A number of owls have returned to the Logan Airport from 2 to 16 years after they were banded. It was assumed they made it back to the arctic but this had not been documented so a few years ago it was decided to equip some of them with satellite transmitters so they could be tracked. This had never been done with Snowy Owls before. Norman collaborated with Mark Fuller who put transmitters on nesting owls in Barrow, Alaska. Wintering owls in Massachusetts were also outfitted with transmitters. The owls from Barrow went north for the winter and stayed on the pack ice, probably feeding on sea birds, something that had not been documented before. Of the Massachusetts owls three were shot in Massachusetts, but the others made it back to the arctic in the area of Baffin Island. This proved that some owls do make it back to the arctic and come back to Massachusetts in future years. It also suggests that some adult birds may visit the south on a regular basis. Not just during invasion years.

A few words about aging and sexing Snowy Owls: Contrary to the impression given in many field guides aging and sexing these birds in the field is no simple matter.
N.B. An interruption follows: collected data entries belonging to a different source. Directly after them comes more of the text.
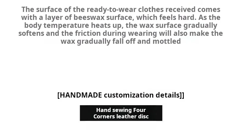 - Material (Shell): Cotton (waxed/treated)
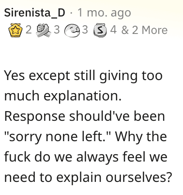 Another individual agreed but said even that is too much explanation…why do we need to explain everything?!?!
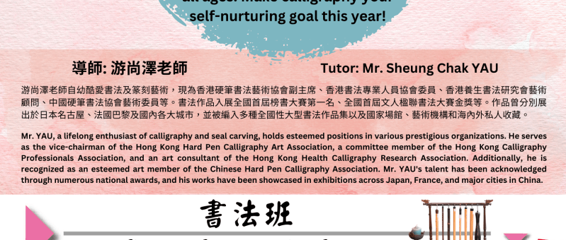 寫書法也能養生!? 沒錯,寫書法好處多多,除了摒除雜念、平穩情緒之外,更是可以訓練全身穩定跟協調性的緩和運動、適合所有年齡的全方位保健方式。今年的自我養生目標,就從寫毛筆字開始吧! Discover the health benefits of calligraphy! It calms emotions, improves coordination, and is suitable for all ages. Make calligraphy your self-nurturing goal this year! 日期 Date: 4/3, 11/3, 18/3, 25/3 (星期一 Mon) 時間 Time: 11:30am - 1:00pm (1.5 小時 / hours) [學員可早半小時 (11:00am) 到達自行練習 Students are welcome to come 30 minutes earlier for…
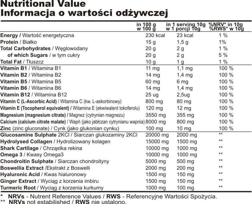 - Suplement diety, który zawiera ultra-skoncentrowany matrix składników wspomagających regeneracje przeciążonego układu kostno-stawowego.
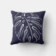 Coussin Blanc Tropical Leaf Motif Sur Dark Navy Blue
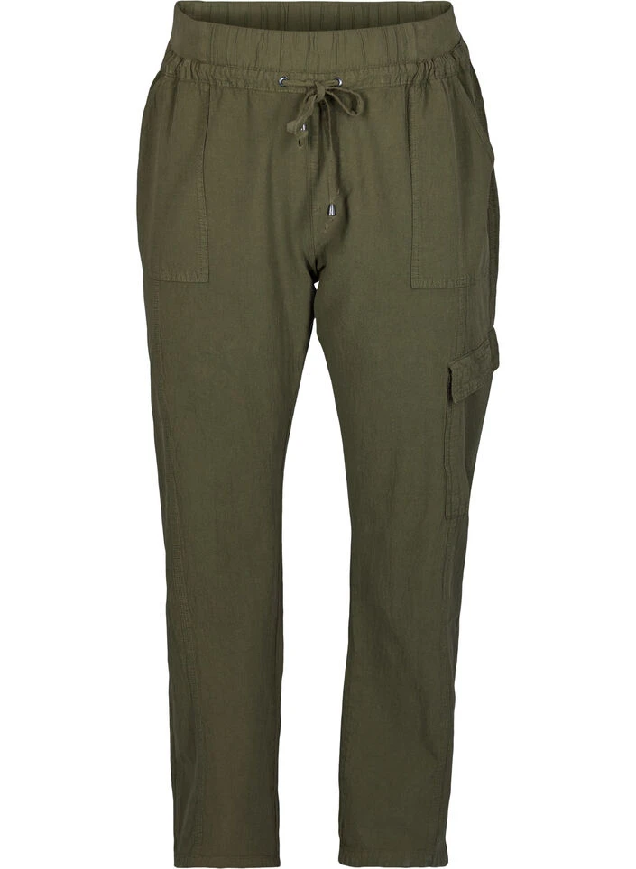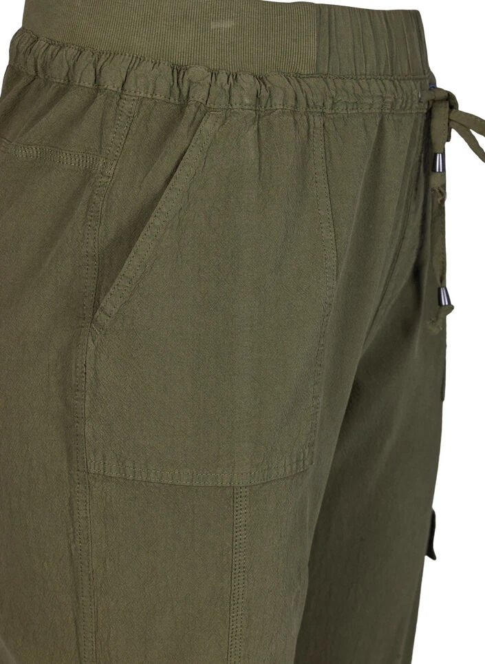 Super comfortable cargo trousers in a simple design, which is made of 100% cotton. The trousers have a loose fit with large pockets and elastic ribbing and adjustable drawstring waist.
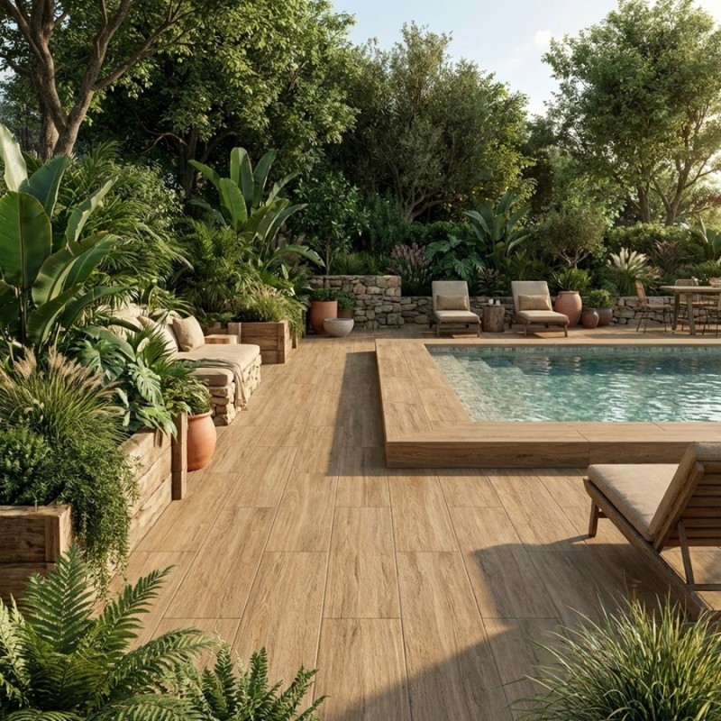 Autour d’une piscine, il crée une atmosphère accueillante et haut de gamme tout en assurant sécurité et durabilité.

Like most owls you need to have them in hand to take measurements and examine plumage patterns and molt. The assumption that all very white birds are adult males, darker ones are female and very dark ones are immature is often incorrect. While these assumptions are undoubtedly true in a number of cases, and may even be true in the majority, there are enough exceptions to negate them as valuable field identification criteria. Snowy Owls are individuals with unique individual coloration. Researchers have noted, for example, that the last bird hatched in a clutch is invariably darker than the first, regardless of sex. A very dark captive Snowy Owl at one nature center in the U.S. is almost as dark now as the day it was fledged. Many visiting ‘experts’ look at it and proclaim it to be a hatch year bird. This Snowy has reached the venerable age of 18. In Russia, Irina Menyushina, who has been studying Snowy Owls on Wrangell Island for almost 30 years, has photos of birds that are almost completely white and have been sexed in hand as breeding females. Given these and many other variations noted during banding operations we can only conclude that aging and sexing in the field is risky at best.